I am interested in food having at least 30g of proteins and as few calories as possible. Let's take a look at these products.

In [None]:
# rows with more than 30g proteins
data_high_protein = data.loc[data['protein']>30, ['protein', 'calories']]

# sort with 
# priority 1: low calories
# priority 2: high protein
data_high_protein = data_high_protein.sort_values(by=['calories', 'protein'], ascending=[True, False]).head(10)
data_high_protein

Now let's find the food which provides the most proteins per calory!

In [None]:
def divide(x,y):
    if y!=0:
        return x / y
    else:
        return 0
    
data_proPerCal = data.loc[data['calories']!=0, ['calories','protein']]
data_proPerCal['proteinPerCalory'] = data_proPerCal.apply(lambda row: divide(row['protein'], row['calories']), axis=1)

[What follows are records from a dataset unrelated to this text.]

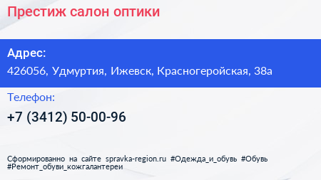 Престиж, салон оптики по адресу 426056, Удмуртия, Ижевск, Красногеройская, 38а в дальнейшем Организация, размещена в следующих категориях:
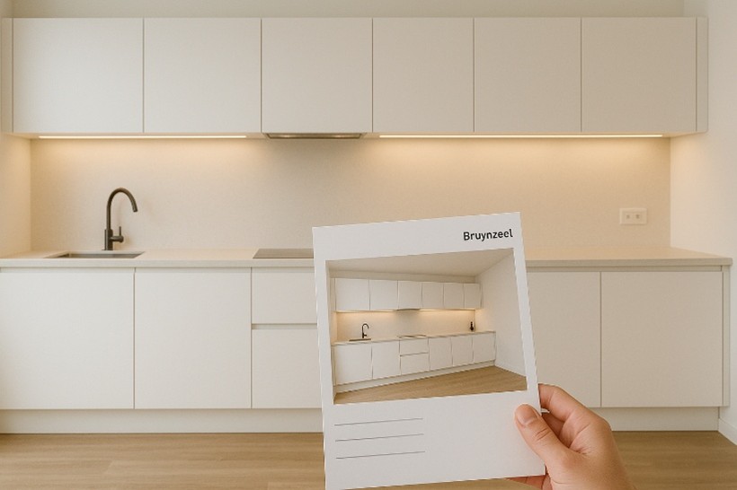 De foto op deze pagina toont een ultra realistische moderne keuken met lichte kleuren en een overzichtelijke indeling. De camera is gericht op een ontwerpkaart in de voorgrond die aansluit op de keukenopstelling in dezelfde ruimte. Slanke fronten, een mat werkblad en rustige lijnen laten zien hoe een ontwerp en een concreet plan samen kunnen worden bekeken. De warme verlichting benadrukt de sfeer die ontstaat wanneer materiaal en indeling goed op elkaar zijn afgestemd. Deze afbeelding maakt zichtbaar hoe bezoekers hun ontwerpidee kunnen vertalen naar een praktische en haalbare oplossing. Voor meer inspiratie verwijzen we naar onze interne pagina over keukenindelingen.
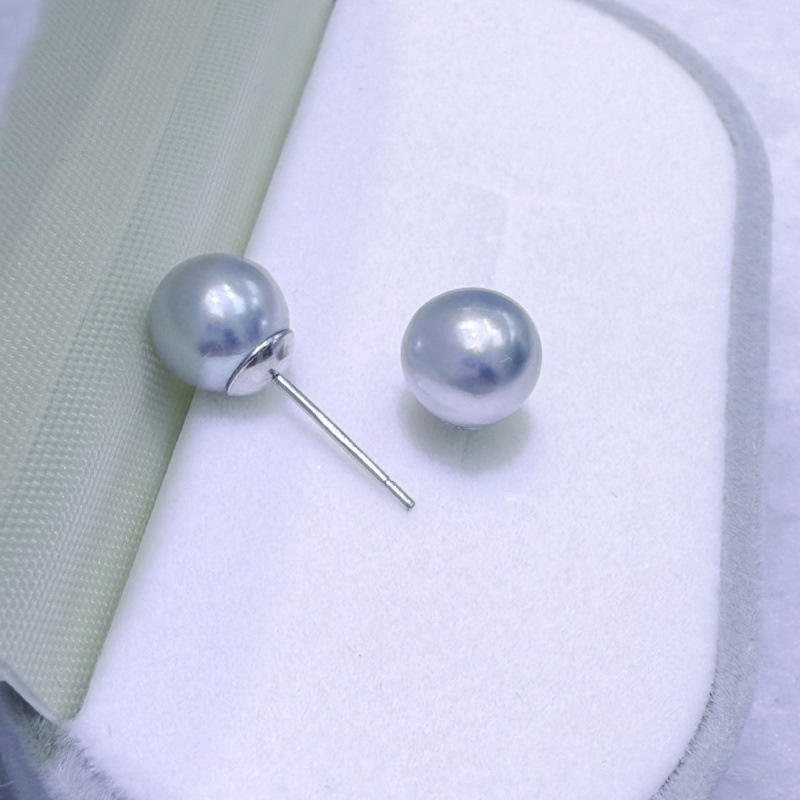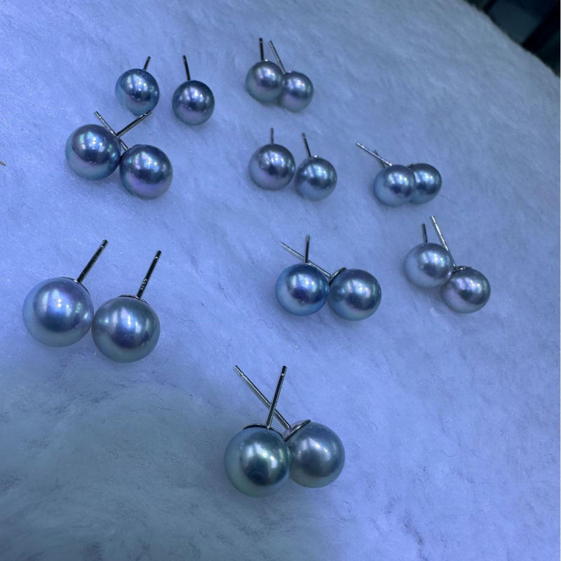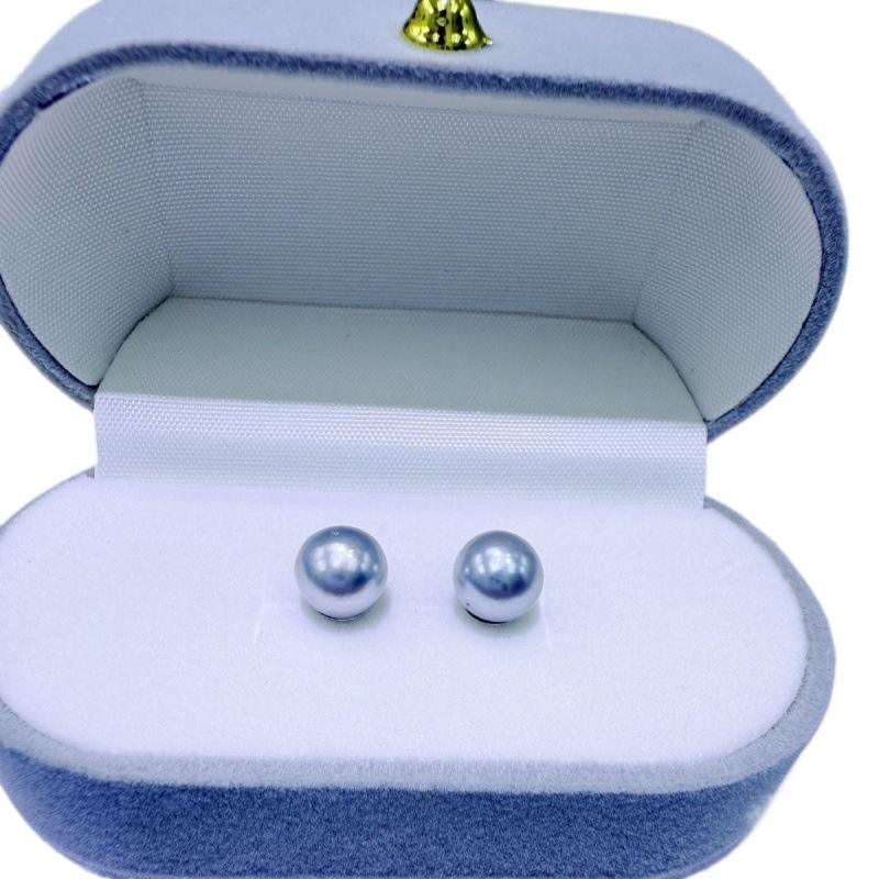 ต่างหูเงินแท้ทรงกลม 8-9 มม. ประดับมุกอะโกย่าแท้จากน้ำทะเล รุ่นใหม่ 25 ชิ้น พร้อมกล่องสำหรับผู้หญิง ดีไซน์หรูหรา
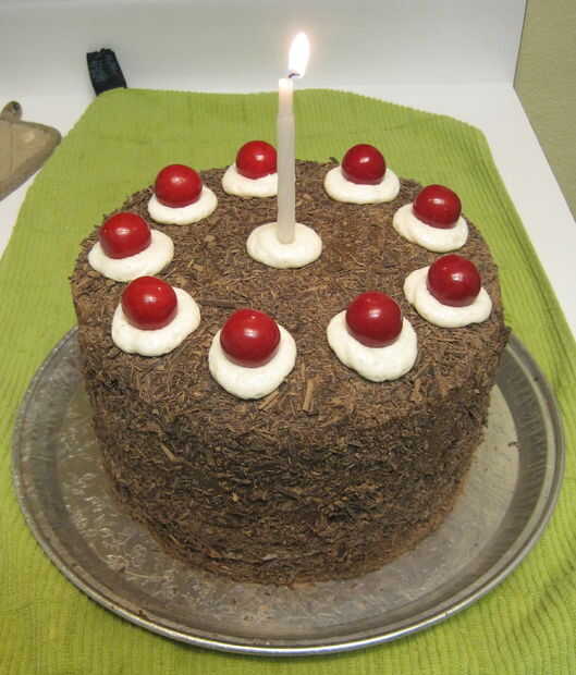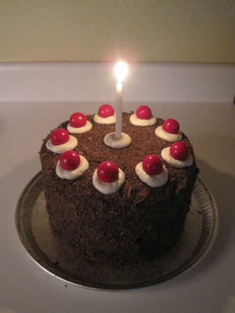 Usando su blanco guardado helar en su bolso con punta, coloque los círculos de glaseado uniformemente alrededor de la parte superior de la torta. Coloque sus bolas de goma roja en el centro de cada punto de helar delicioso. poner una pequeña cantidad de betún en el centro de la torta y pegar la vela en el centro de la cubierta. luz y cantar la canción del Portal porque éste era de hecho un triunfo!
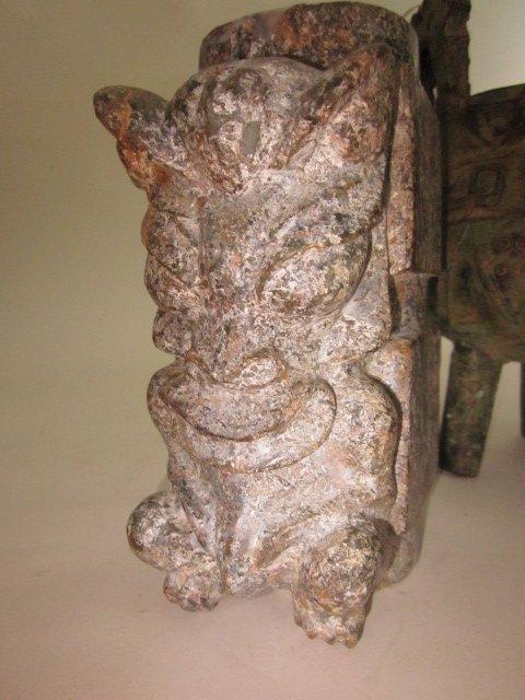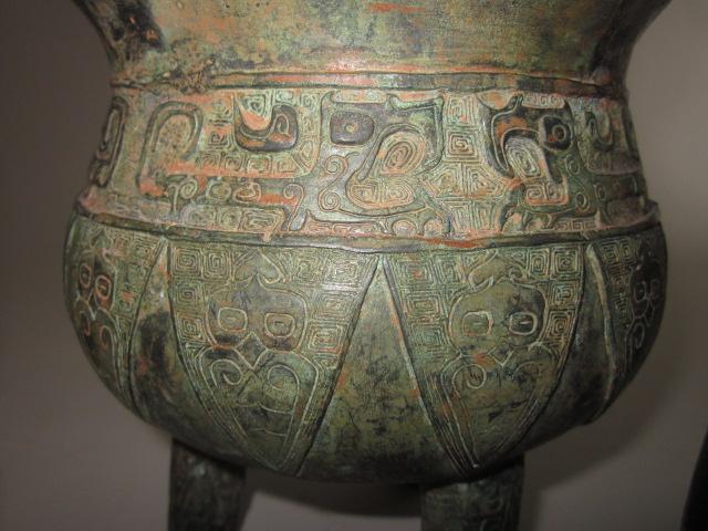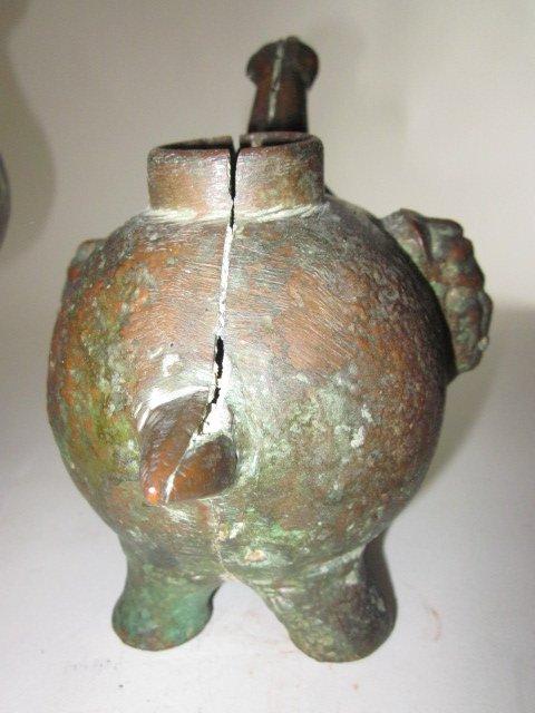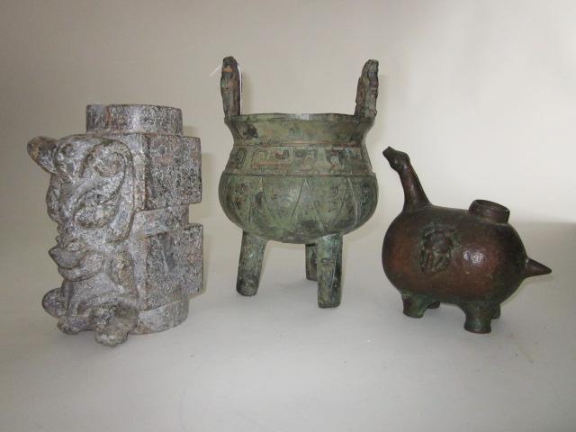Chinese bronze footed censer, Neolithic stone Tong & Chinese bronze vessel. Approx. 10" H x 6 1/4" W.
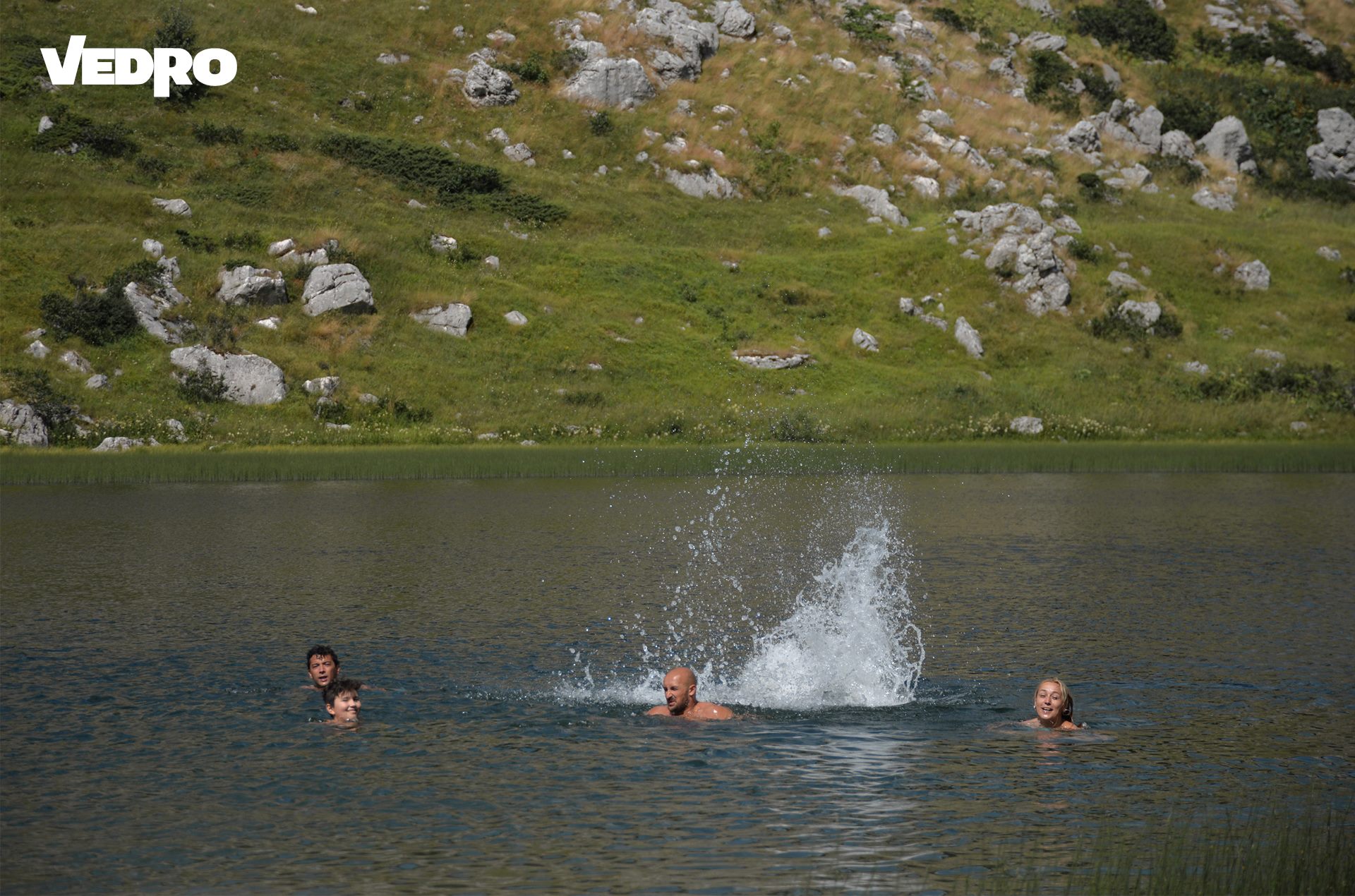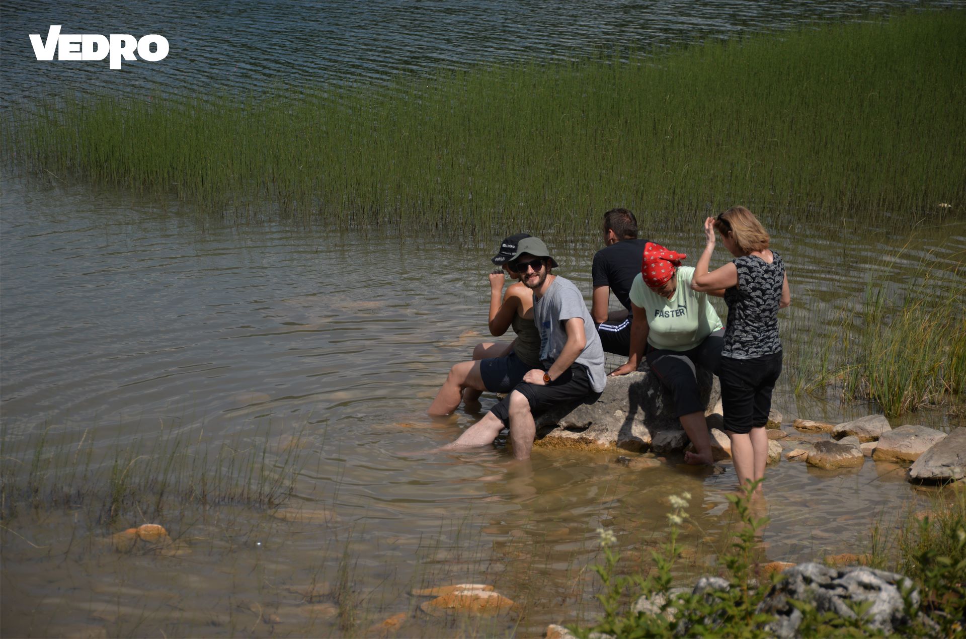 Na naše krajnje odredište, Veliko jezero, stigli smo u 14.30 h. Jezero je na nadmorskoj visini od 1.550 metara. Dužina jezera je oko 300 metara, širina oko 150 metara, a dubina oko 6 metara. U nijansama zelene boje sa pogledom na Veliko jezero te toploj dobrodošlici domaćina „kuće spasa“ na samoj obali Velikog jezera, uživali smo cijelih sat i 45 minuta. Veliko jezero simbol netaknute prirode i njene ljepote, njegova maslinasto zelena boje te lagano talasasto kretanje površine vode uz blagi povjetarac namamili su učesnike da se prepuste netaknutoj prirodi i toploj vodi, usljed čega je slijedilo kupanje.

data_proPerCal = data_proPerCal['proteinPerCalory'].sort_values(ascending=False).head(10)

In [None]:
fig, ax1 = plt.subplots()
data_proPerCal.plot.barh(title='Products with highest amount of protein amount per calory', ax=ax1)
ax1.set_yticklabels(names[data_proPerCal.index].values)
ax1.set_xlabel('Grams of Protein per calory')
plt.show()

Let's take a look at fat as well!

In [None]:
# font sizes, this has to be updated for every plot, if changed once
plt.rc('axes', titlesize=40)    
plt.rc('axes', labelsize=30)    
plt.rc('xtick', labelsize=20)    
plt.rc('ytick', labelsize=20)

with plt.style.context('dark_background'):
    fig, ax1  = plt.subplots(figsize=(20,10))
    df_plot = pd.DataFrame(data, columns=['fat', 'calories'])
    df_plot.plot(kind='scatter', x='fat', y='calories', alpha=0.4, c='yellow', ax=ax1, edgecolor='black')

    ax1.set_xlabel(f'fat in g per 100g')
    ax1.set_ylabel(f'calories per 100g')
    ax1.set_title('Interaction between fat and calories')    

    fig.tight_layout()
    plt.savefig('fat')
    plt.show()

We can clearly see a linear relationship between fat and calories.